:: Problem ::
Repeat, word for word and with nothing added, each line from the one containing "Наградная статуэтка с" to the final line of the data, keeping both ends. Pictures are not part of the copy.

:: Excerpted data ::
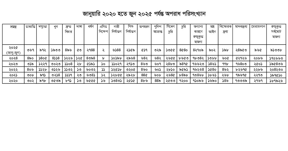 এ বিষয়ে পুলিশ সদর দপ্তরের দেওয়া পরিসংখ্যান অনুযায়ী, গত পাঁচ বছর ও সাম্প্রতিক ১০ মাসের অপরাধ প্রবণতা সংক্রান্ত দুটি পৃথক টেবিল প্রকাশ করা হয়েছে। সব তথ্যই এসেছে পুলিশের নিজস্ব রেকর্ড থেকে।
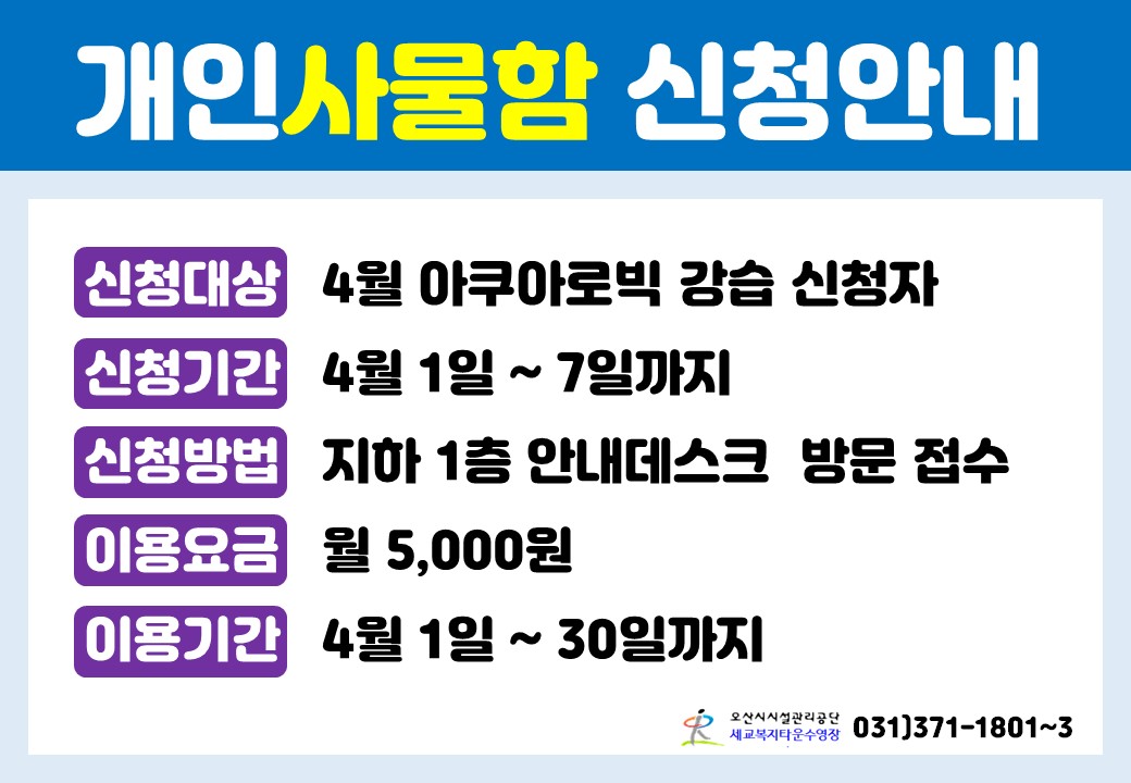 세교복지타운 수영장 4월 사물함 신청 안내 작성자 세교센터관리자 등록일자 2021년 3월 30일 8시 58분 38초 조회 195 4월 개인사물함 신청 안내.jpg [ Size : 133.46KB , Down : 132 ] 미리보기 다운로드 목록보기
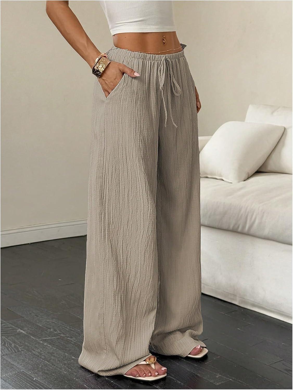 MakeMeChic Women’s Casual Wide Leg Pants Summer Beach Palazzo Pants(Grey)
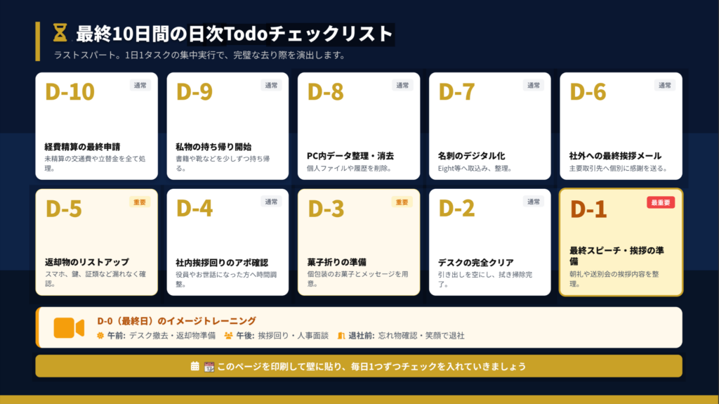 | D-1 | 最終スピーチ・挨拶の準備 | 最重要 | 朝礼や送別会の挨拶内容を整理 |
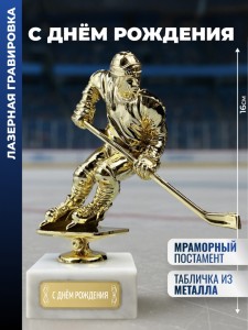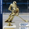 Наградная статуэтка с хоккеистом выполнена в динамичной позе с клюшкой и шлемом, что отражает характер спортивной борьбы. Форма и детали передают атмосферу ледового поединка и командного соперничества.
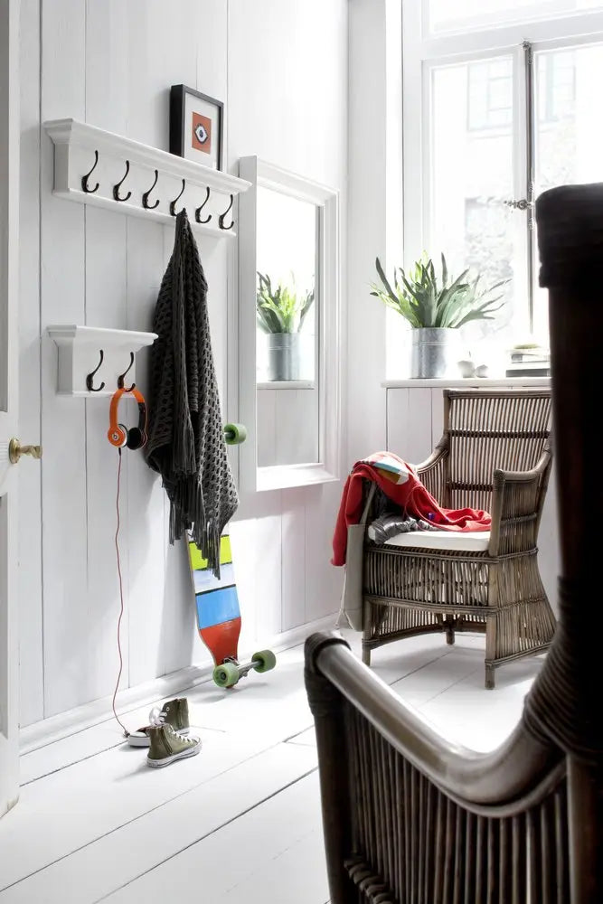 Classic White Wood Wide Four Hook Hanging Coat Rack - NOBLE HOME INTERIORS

:: Task result ::
 Наградная статуэтка с хоккеистом выполнена в динамичной позе с клюшкой и шлемом, что отражает характер спортивной борьбы. Форма и детали передают атмосферу ледового поединка и командного соперничества.
 Classic White Wood Wide Four Hook Hanging Coat Rack - NOBLE HOME INTERIORS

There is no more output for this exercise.